Début d'Angoulevent.
- Par la sang-bleu, je pense avoir gagné.
- Par Saint Lézin, c'est moi, voici douze!
- Douze? j'aurais perdu! Il faut donc que ce soient dés pipés!
- Pipeur toi-même qui jetais l’œil au fond du cornet et ajustais les coups.
- Mensonge et jonglerie!
- Affronteur et hasardeur de dés!
- Corde et tonnerre, si je me fâche!
- Par la sang-bleu, si je me lève...
Ainsi clamaient les deux joueurs.
" Boute-les d'accord et dos à dos, dit François à l'oreille d'Angoulevent, tous deux ont tort! ce sont les archers de Monsieur le Prévôt qui gentiment chevauchent ce banc dérobé à quelque église et jouent aux passe-dix, laissant leurs compagnons faire le guet en leur lieu."
Angoulevent, à qui point n'était l'imaginative éveillée de si grand matin et qui ne savait trop que faire, saisit au vol l'idée et si dextrement empoigne et lève en l'air un bout du banc, que Tuybelim charmé de la farce veut en être et, sans souci de gâter son capuchon, donne de la tête comme un bélier forcené
et plus en bas précipite les deux gens d'armes, qui, "culebutants", étourdis, ébaudis, crient à tue-tête:
"- A l'aide!

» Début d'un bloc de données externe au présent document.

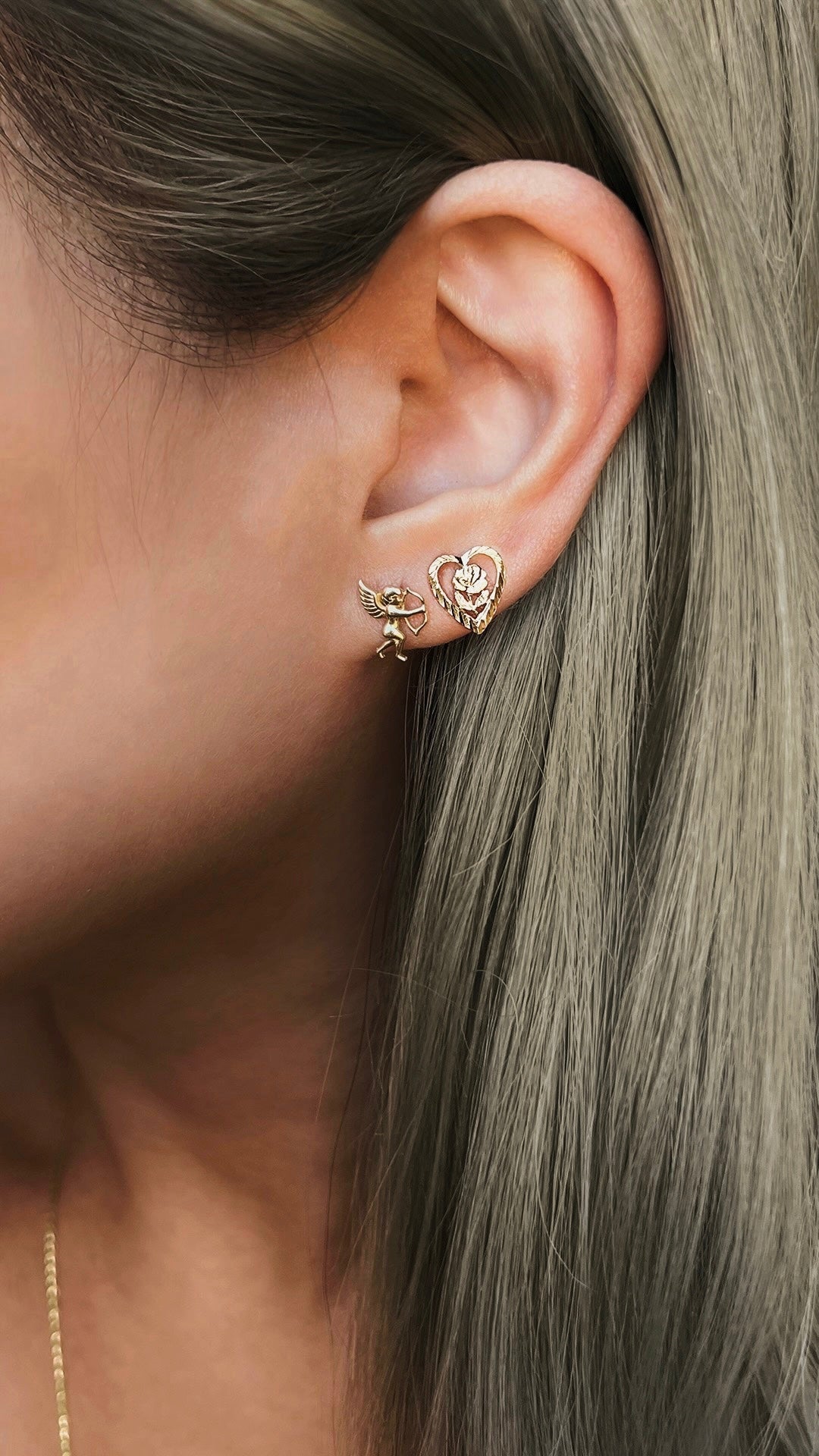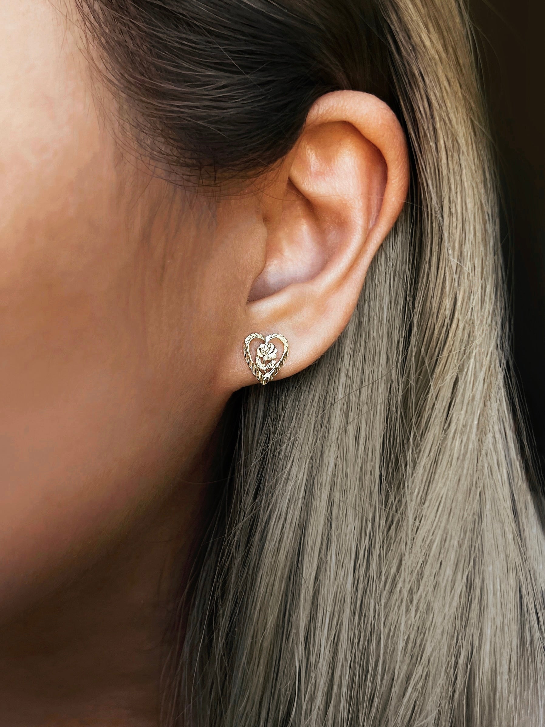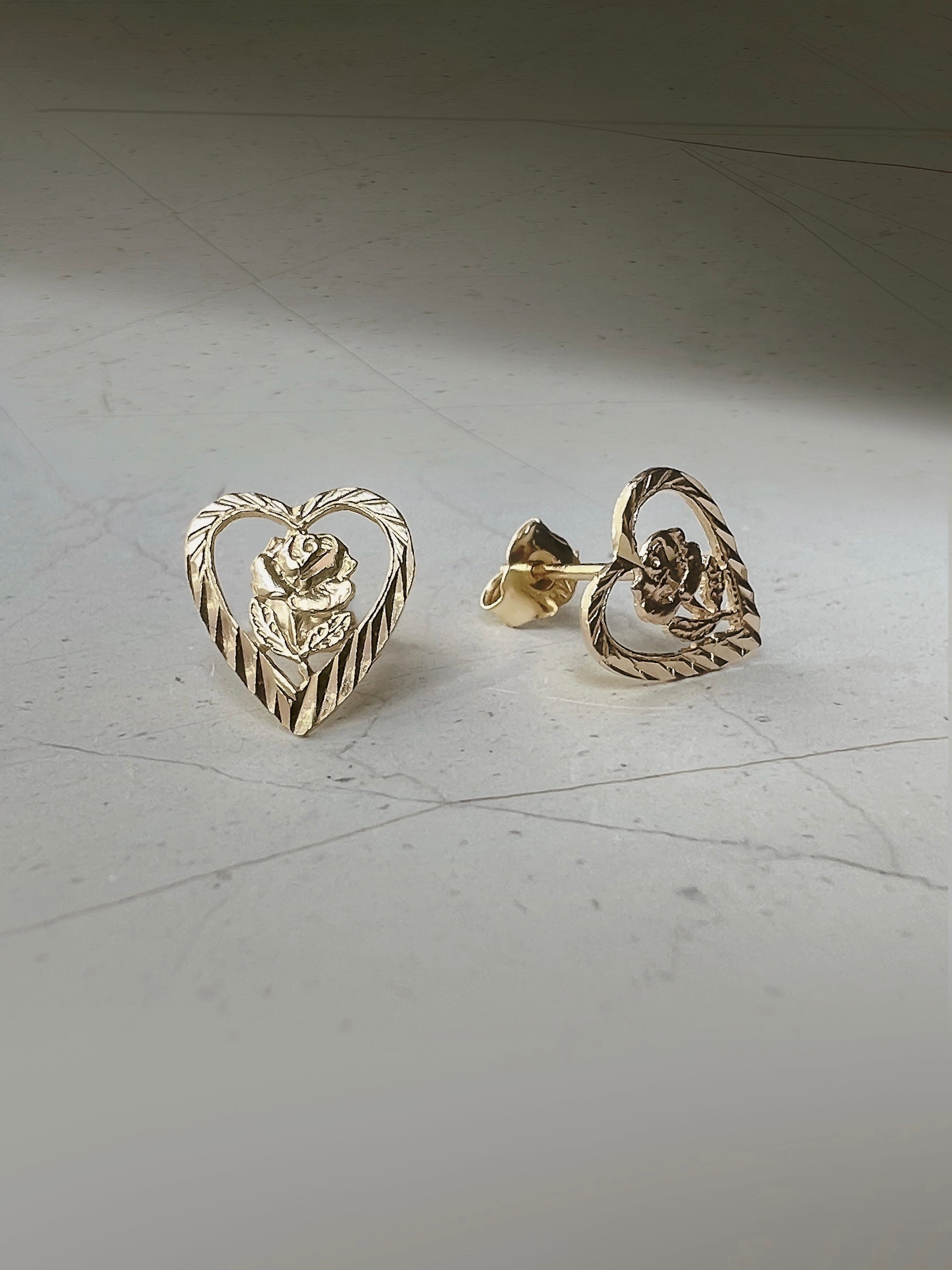 These sweet heart-shaped studs pair two timeless symbols — love and roses — in a design that feels both nostalgic and enduring. The rose is carefully sculpted with its stem and leaves, cradled inside a diamond-cut frame that sparkles with every turn.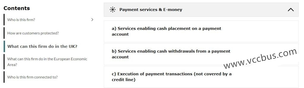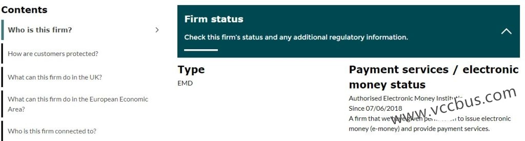 这里体现了该公司当前受监管状态。Wise公司的资质为“Authorised Electronic Money Institution经授权的电子货币机构”, “A firm that we have given permission to issue electronic money (e-money) and provide payment services受许可发行电子货币及提供支付服务”。

Ah compaing, si j'ai pipé les dés, me deviez-vous pour cela bousculer de si mâle façon?
- Sang-bleu! compaing, si j'ai faussé le coup, me deviez-vous si rudement bouter vos pieds au front?
- Ha! mes "povres" épaules! Ha! que ne suis-je paisible à faire le guet à mon tour!"
Dans un instant fous auront déguerpi et toute leur vie disputeront ensemble les deux archers, chacun croyant que ce fut l'autre qui lui fit ce mauvais coup.